Phil was lonely so he decided to take a tour of the giant bombed-out crater. Early one morning he got on the tour bus and rode for a long time. Some of the passengers chatted and others, like Phil, did not speak and were not spoken to. He wanted to talk to the woman in the seat next to him, who was slightly older than he was, and looked nervous and tired, but he couldn’t do it. When you’ve been alone a long time, as Phil had, a membrane of silence grows around you and you can’t get through it on your own. No help was coming from this woman, who had her own membrane. They arrived late that morning in the middle of what was now the desert, and climbed down to the bottom of the crater on rope ladders. When the last person was down the guide said Okay, and that was it. There was no tour as such, there were no real parts to the crater and they all knew how it got there. So Phil just wandered around, lonelier than ever. At one point he crossed paths with his seatmate and tried unobtrusively to catch her eye, and then to follow her. There was a name for this—the crater romance. He didn’t want to be a creep so he stopped following her. Now he was just out there walking. Beware, he had read in a guidebook, of becoming sleepy in the crater, which has measurable soporific power. Well aren’t I just a walking crater cliché, Phil thought. First I fall for someone and then I get tired. He lay down on a jagged rock and fell asleep. He woke in darkness. He stood up and called out. No answer. He made his way back to the place where he thought the rope ladders had been. They were not there. He walked around calling out.
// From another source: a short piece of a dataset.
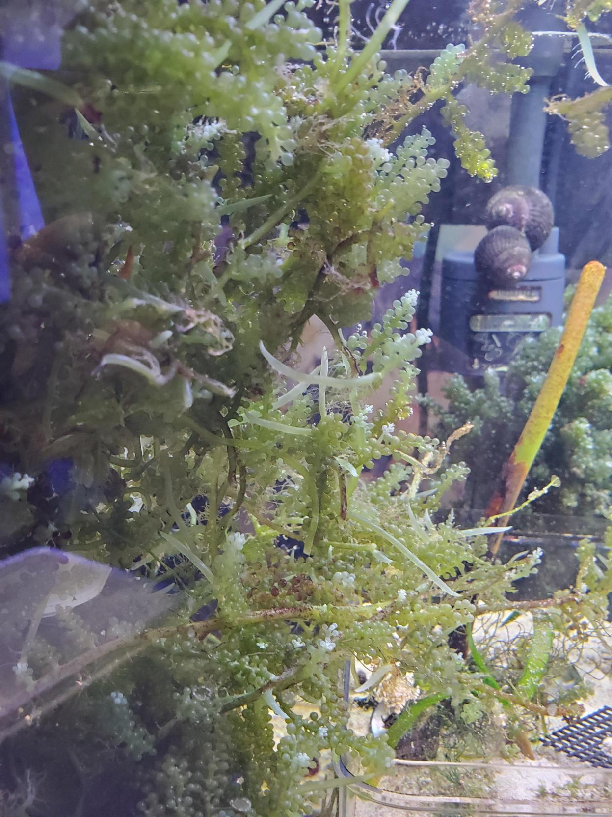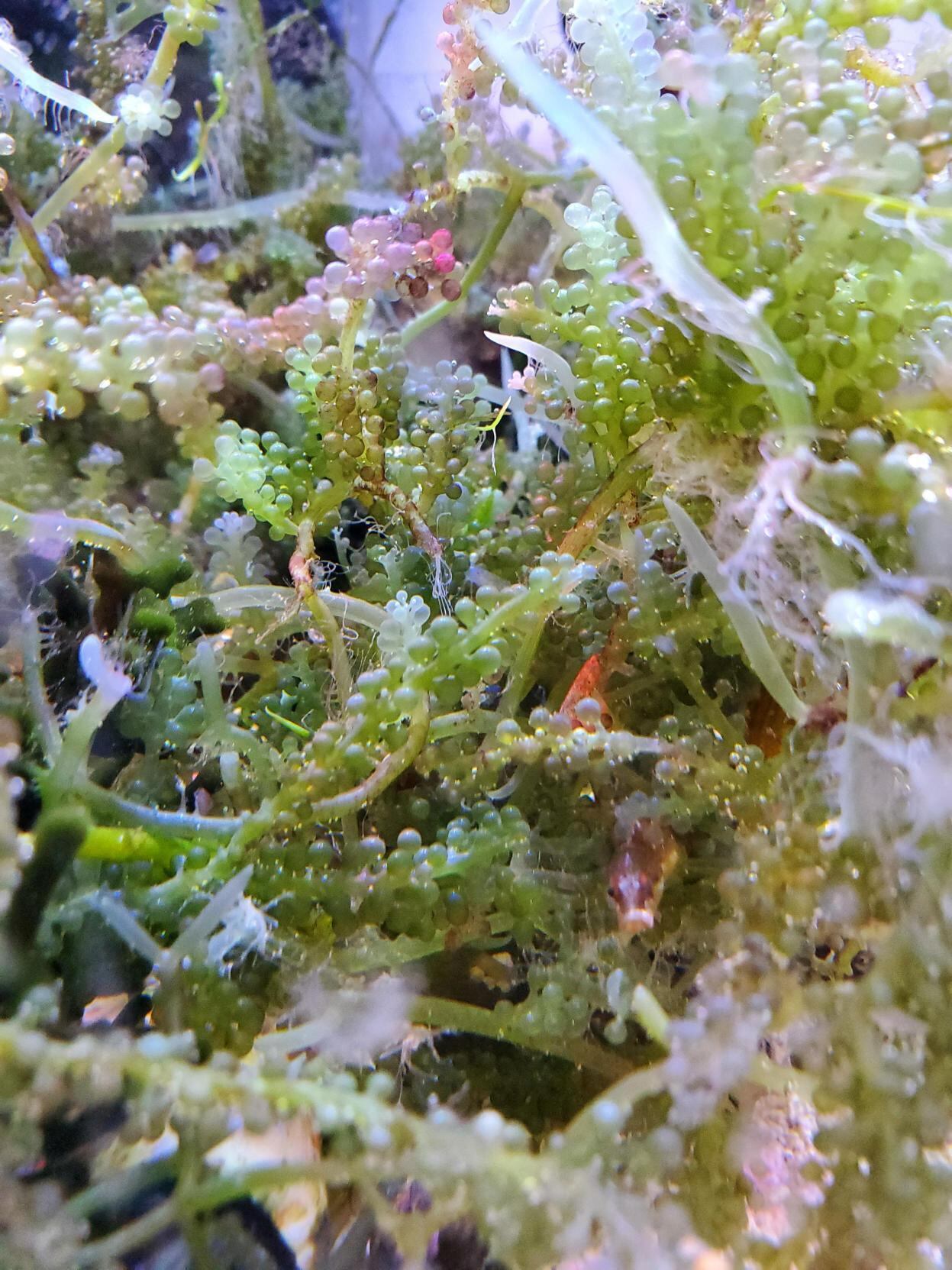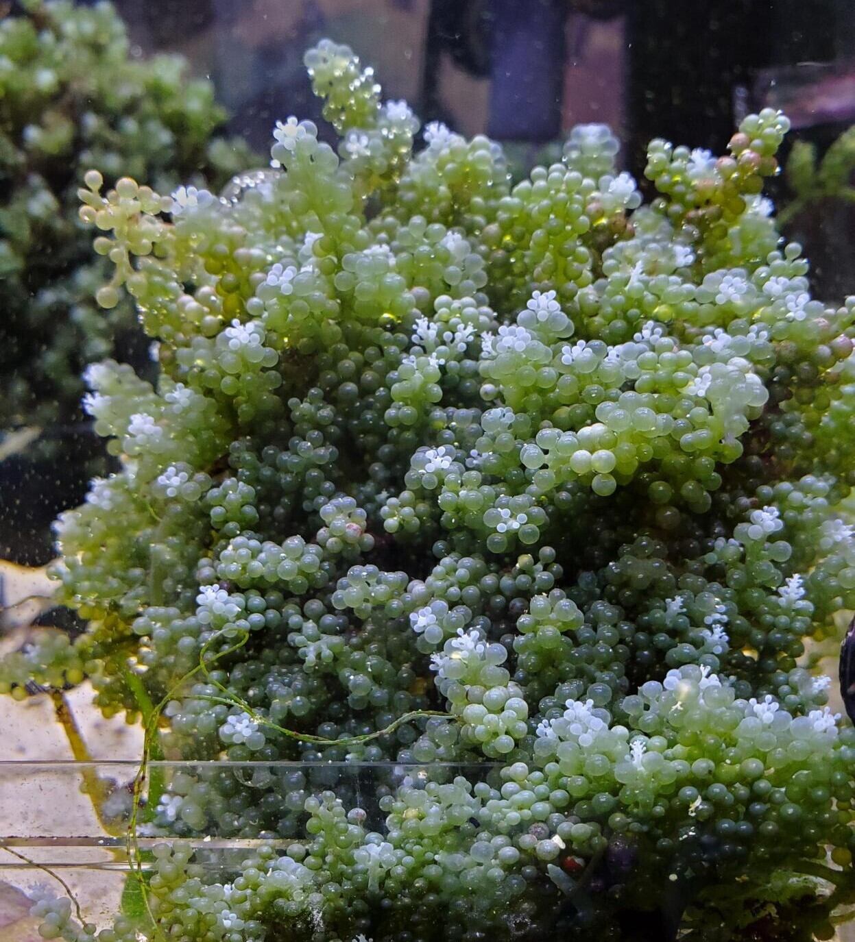 水槽の浄化槽役: 海ぶどうは成長過程で水槽内の余分な硝酸塩やリン酸塩を吸収します。コケの抑制や水質改善に役立ちます。

He thought, Wouldn’t it be great if she got left behind too? Then we’d have to talk to each other, and we’d have to have sex, strictly for warmth in the cold night desert air, but it would turn into more. He masturbated, and this brought out the dead. He couldn’t see them but he could hear them. They weren’t screaming, they were going about the lives the bomb had ended. They were making business phonecalls, washing the dishes, reading bedtime stories, telling a drunken joke in a bar. This was the least lonely masturbation Phil had ever had. It wasn’t even masturbation, it was love.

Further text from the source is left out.